▶ _Items from a dataset_
______________________________

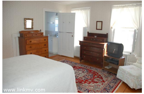
Master Bedroom 2nd floor
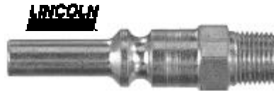
MALE AIR COUPLER NIPPLE
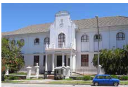
ALBANY SCIENCE MUSEUM (SOMERSET STREET)

Permanent exhibitions at the Albany History Museum include a display of contact and conflict on the eastern frontier in the 18th and 19th centuries, the popular 1820 Settlers Gallery, and an exhibition on the history of clay.
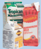
Paper milk-style cartons
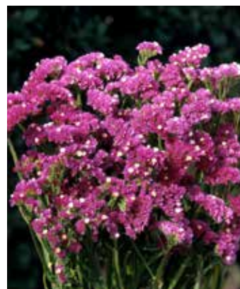
LI3686 LIMONIUM sinuatum 'Forever Rose'

______________________________

Leave out the images and transcribe all the records exactly.

Master Bedroom 2nd floor
MALE AIR COUPLER NIPPLE
ALBANY SCIENCE MUSEUM (SOMERSET STREET)

Permanent exhibitions at the Albany History Museum include a display of contact and conflict on the eastern frontier in the 18th and 19th centuries, the popular 1820 Settlers Gallery, and an exhibition on the history of clay.
Paper milk-style cartons
LI3686 LIMONIUM sinuatum 'Forever Rose'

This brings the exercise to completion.